2) Someone on Discord suggested I try the repair function from a Windows install USB, so I did that, but no change, it failed to repair.

3) The next idea was a Linux USB. If I can boot into Ubuntu, it'd give us some clues about whether we're looking at software or hardware failure etc. So I made the stick this morning.

Now, at this point I'd had a whole evening and a whole morning of the above happening consistently. But we've come to a twist. I put in the Ubuntu USB and waited for it to boot. This was taking a very long time, and it looked like it wasn't going to work. But I left it for a little bit longer just in case. Five, six minutes. And then...

It gave me the Windows login screen. And let me log in. And now it's just working again.

I do not feel any better about this than I did when it was broken. I know it booted by pure chance, and I may only have this one opportunity to do things with it while it's working, including anything that might fix or help to identify the problem. I haven't reset or shut down the PC since, and it honestly seems to just be working, all my hard drives seem fine, I've run a couple of games without any problem, worked on some art and some audio editing, it is behaving normally.

When it first booted into windows though, there were signs of a problem. That login screen took a long time to display its picture, for instance, and icons took a while to draw, including the little icons in the list of hard drives and other assorted gubbins in the explorer navigation panel. But after the first couple of minutes of being booted, it's been acting normally.

I now realise that the reason it didn't boot into Ubuntu was because I'd put the USB stick in the slot next to the one I'd specified when I edited the boot order for the Windows USB stick last night, and it was never going to boot from this at all. That's pretty flipping lucky in retrospect as I might never have got into Windows.

My current idea: I'm wondering maybe this is a struggling boot disk after all. It's an old-as-the-hills 64gb SSD, from 2010 if you can believe that. So it's due. And those icons struggling to load feels C-drivey. So I'm thinking I clone that onto a newer and bigger SSD (which I already have right here, plugged in) and try to boot from that. The only thing is, even if that works, I haven't necessarily solved the problem. Maybe the PC can just boot now anyway, for a while, but the underlying problem is still extant and waiting to pounce.

So in an ideal world, I'd clone that disk, but before powering off to switch the cables I'd start running some stress tests to try and figure out which component the problem is coming from, just in case it isn't the boot ssd. A friend suggests Prime95 and Furmark to test the PSU, and Crystaldiskmark to check the speed of the SSDs to see if that shows obvious degradation. But I'd want to clone the disk first, because the point of running those PSU tests is to see if they cause the PC to shut off, and I'm working on the assumption that I'll never get it to boot again.

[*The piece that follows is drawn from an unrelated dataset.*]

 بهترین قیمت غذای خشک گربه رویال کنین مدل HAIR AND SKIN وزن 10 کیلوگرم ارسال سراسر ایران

Except, the destination SSD is a Samsung, which (I'm told) means using "Samsung Data Migration Software for Consumer SSD" to do the cloning, and that software flashes up a warning that says "Your computer will be shutdown after Data Migration in 20 seconds." So it's either clone the disc OR run the tests.

What I'd like to do now is just clone that disk and hope for the best. Is that sensible, or should I do anything else first?

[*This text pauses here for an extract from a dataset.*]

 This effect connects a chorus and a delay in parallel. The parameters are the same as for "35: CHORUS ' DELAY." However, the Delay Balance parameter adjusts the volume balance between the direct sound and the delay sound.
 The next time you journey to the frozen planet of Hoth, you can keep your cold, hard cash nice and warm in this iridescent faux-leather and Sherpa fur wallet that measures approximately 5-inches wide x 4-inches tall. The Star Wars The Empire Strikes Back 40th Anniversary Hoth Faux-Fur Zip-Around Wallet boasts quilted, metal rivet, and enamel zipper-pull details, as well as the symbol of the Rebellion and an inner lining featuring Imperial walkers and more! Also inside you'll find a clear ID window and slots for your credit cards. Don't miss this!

Recent changes: Nothing at all. BUT. There is one clue that might be to do with it.

What kicked this off was a sudden power cut. The first failed boot happened when I tried to power the PC back on after the trip switch went (you know, the main switch on the fuse box for our home that cuts if there's a surge to prevent you getting shocked), cutting all the electricity to our flat.

We don't know what caused it. There is a thing that happens with our oven sometimes that trips the switch, I tried explaining it but it made this post unacceptably long, anyway it wasn't that this time. So, maybe it was the PC? Maybe the power brick did something wrong, and popped, and the switch tripped, and now the PSU Is broken in a specific way that means it can draw enough power to get partway through boot, but no further?

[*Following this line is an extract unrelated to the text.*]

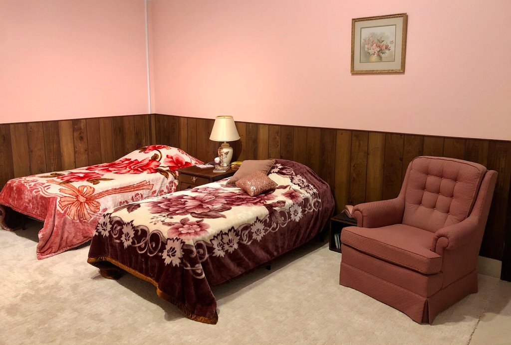 The first iteration of the installation was for the 2018 exhibition, ‘Exit Strategies’ at the Women’s Center for Creative Work in Los Angeles. I recreated a semblance of the teenage bedroom that I shared with my sisters. The details in the room span a range of time periods as there is a large age gap between my sisters and I and my family lived in that house for close to 30 years. The wallpaper and wood panelling were from the 70s–wood panelling being common in Chicago basements. Most of the pop culture artefacts were from the 80s and 90s when I was a child and adolescent.

Or at least, that was my (ignorant, desperate) theory, until the computer randomly booted up and was able to run games etc. So I guess that's that idea out the window.

More clues:
1) While it was still not getting through startup, I watched the light sequence on the motherboard, and although I don't know what they're supposed to do, I can tell you that it ended up with one green light at the top of the column and no red ones. So, that seems good? There was a red one early in the sequence, but it quickly went away.

2) The boot sequence took absolutely ages, including the time it finally worked. Which leads me to the last bit...

The thing I bet was a warning sign that I just ignored for two years
So, ever since I've had this motherboard/CPU/power supply installed, which was February 2020 when my last PC suddenly died even more thoroughly and just as mysteriously and I took it as an opportunity to upgrade instead of fixing it, there's been TWO things wrong with it.

1) It can't go into sleep mode. Well, it can go into sleep mode, but it can't come out again. Instead, even though you can wake it up with the keyboard or mouse, it'll perform a full boot, so nothing you left open is left open. So instead I just leave it on overnight, or switch it off altogether.

2) It has always taken two full minutes to boot up. Yes, from an SSD. I thought it was because I had too many external HDDs plugged in, which I absolutely do. I'm terrible at organising files so I just fill one HDD, buy another bigger one, back stuff up onto it, fill the rest up, buy another bigger one, etc. I have now filled all my motherboard's SATA and USB ports, and rely on a USB hub for the rest, which plugs in via my motherboard's one USB-C slot. I know.

And in fact, now I think about it, I have noticed those two minutes seeming to last a bit longer, and thinking, well it's not as if I actually ran a timer, maybe I'm wrong. Or, if I did start a timer, just to check, it's not as if I was careful about when I started it. So, yeah. That could have been a sign. But nobody's ever been able to explain any reason that could possibly happen, so I've just assumed it was a thing about my current setup. And maybe it's because:

3) When I built it, I nearly broke the CPU.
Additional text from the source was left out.